Seed production in Fagus, however, is strongly affected by climate (Peters 1997), with cooling-induced decreases in Fagus abundance being well represented in this and other forest modelling experiments (Campbell & McAndrews 1993). Simulations of hardwood forest succession in southern Ontario (Canada) by Campbell & McAndrews (1993), for example, indicate a decline in Fagus grandifolia beginning at ad 1400, with replacement first by Quercus and then by Pinus.

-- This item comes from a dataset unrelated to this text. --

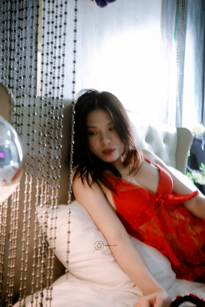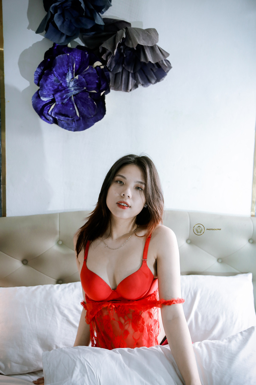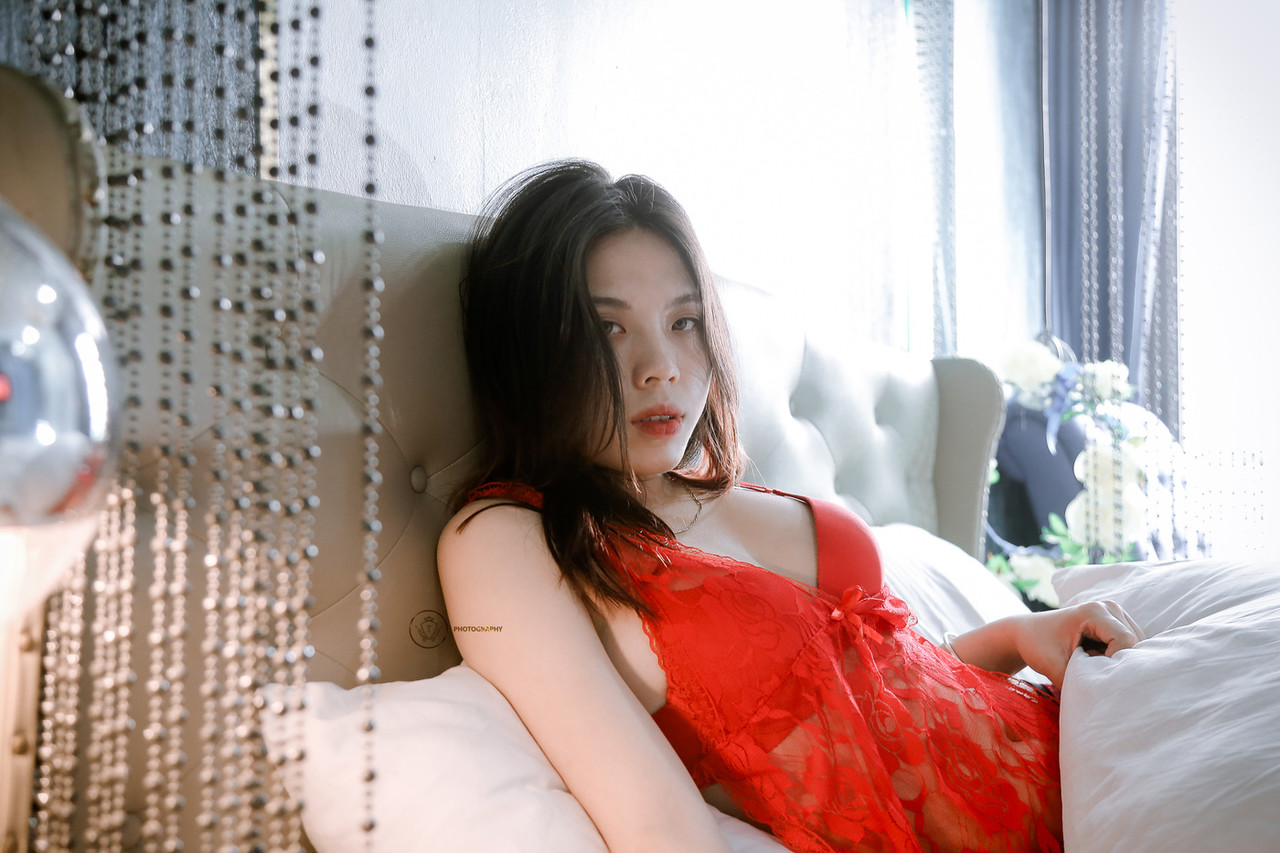 Beautiful Asian Babe Flaunts Her Tits In Sexy Red Lingerie On Her Bed - Gallery Information

This feature of the pollen record was originally attributed to native forest clearing but is now linked to LIA climate.
Based on the results of our simulations, Fagus should not dominate modern-day nemoral woodlands, whereas Tilia should be present in significantly higher than the observed quantities (Fig. 4). The weak presence of Tilia has been a long-standing characteristic of forests in north-west Europe (Iversen 1958; Turner 1962; Berglund 1969) and FORSKA2 simulations support the theory that factors other than LIA cooling must be responsible for its near disappearance in southern Scandinavia.
Anthropogenic factors such as large-scale forest clearance for agriculture, introduction of domesticated grazing animals, and selective cutting may have affected Tilia and, although selective cutting seems unlikely in light of its historical importance as a fodder species (Behre 1988), timber, furniture construction and fibre production may have favoured its selective removal. Large-scale forest clearance for agriculture would likely have enhanced Tilia’s establishment potential because of its ability to proliferate by stump sprouting (Aaby 1983). Herbivore–plant interactions may also have played a significant role in shaping the Scandinavian landscape during the late-Holocene (Bradshaw & Mitchell 1999). Field studies show that Tilia is preferentially selected by deer, elk and domesticated livestock, while Fagus is least preferred, prompting Nilsson (1997) to conclude that grazing animals (both native and domesticated) have played a more important role than climate in altering Swedish boreo-nemoral forest succession in the late-Holocene. If most herbivore pressure in the past was due to domesticated rather than native herbivores, then Tilia’s decline may have been a consequence of changing human land-use patterns and/or increasing human populations. FORSKA2 simulation data (Fig. 4), however, indicate that Tilia was already starting to decline as a result of LIA cooling when human disturbance began to intensify, thus it is possible that LIA cooling weakened existing Tilia populations, making them more susceptible to anthropogenic pressures.